##### INPUT DATA

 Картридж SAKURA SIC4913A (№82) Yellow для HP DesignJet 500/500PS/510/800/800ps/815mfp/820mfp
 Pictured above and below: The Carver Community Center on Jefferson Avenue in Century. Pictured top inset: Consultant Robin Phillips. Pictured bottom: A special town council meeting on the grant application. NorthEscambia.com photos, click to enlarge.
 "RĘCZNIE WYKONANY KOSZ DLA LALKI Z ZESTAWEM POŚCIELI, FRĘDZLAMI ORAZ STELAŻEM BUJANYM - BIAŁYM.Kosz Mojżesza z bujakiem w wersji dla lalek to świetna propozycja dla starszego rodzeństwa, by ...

##########

WORK TASK
Without omitting anything, retype all of the material above exactly.

WRITTEN ANSWER
 Картридж SAKURA SIC4913A (№82) Yellow для HP DesignJet 500/500PS/510/800/800ps/815mfp/820mfp
 Pictured above and below: The Carver Community Center on Jefferson Avenue in Century. Pictured top inset: Consultant Robin Phillips. Pictured bottom: A special town council meeting on the grant application. NorthEscambia.com photos, click to enlarge.
 "RĘCZNIE WYKONANY KOSZ DLA LALKI Z ZESTAWEM POŚCIELI, FRĘDZLAMI ORAZ STELAŻEM BUJANYM - BIAŁYM.Kosz Mojżesza z bujakiem w wersji dla lalek to świetna propozycja dla starszego rodzeństwa, by ...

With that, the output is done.